Every argument can be either a single value or a list of values. When you specify a single value, it will be used for all decompilations. However, if you specify multiple values, a separate decompilation is run for all of them. For example, consider the following test settings:
settings = TestSettings(
input='file.exe',
arch=['x86', 'arm']
)
For such settings, the following two decompilations are run:
retdec-decompiler file.exe -a x86
retdec-decompiler file.exe -a arm
That is, the regression tests framework runs a single decompilation for every combination of the values specified in the settings.
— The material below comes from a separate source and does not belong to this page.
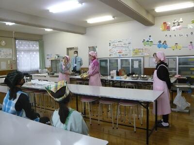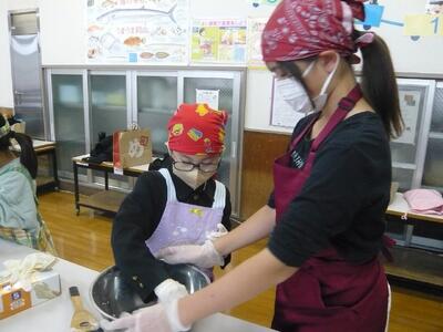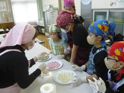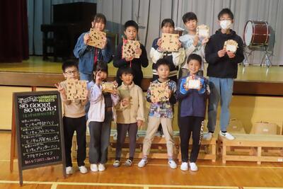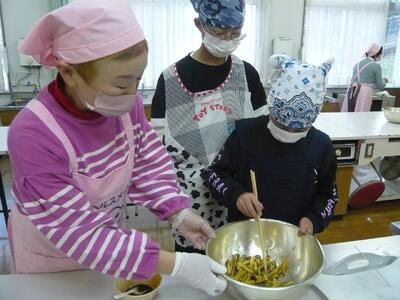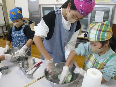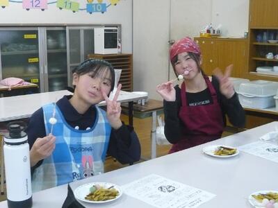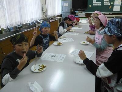 千屋公民館が主催で行っている放課後子ども教室で、料理教室が行われました。講師として地域在住の方3名が来校され、子ども達に料理の指導をしてくださいました。メニューは、3色団子と畑で収穫したサツマイモを使用したフライドポテトです。みんなで協力して料理し、出来上がった料理はみんなでおいしく会食しました。

Test Cases and Their Creation¶
A test case is an instance of your test class with an associated decompilation. Recall that a test class is a class that inherits from Test
(see section Creating a New Test). As described above, when you specify settings with some arguments having multiple values (e.g. several architectures), a separate decompilation is run for all of them. For every decompilation, a test case is created, and all its test methods are called.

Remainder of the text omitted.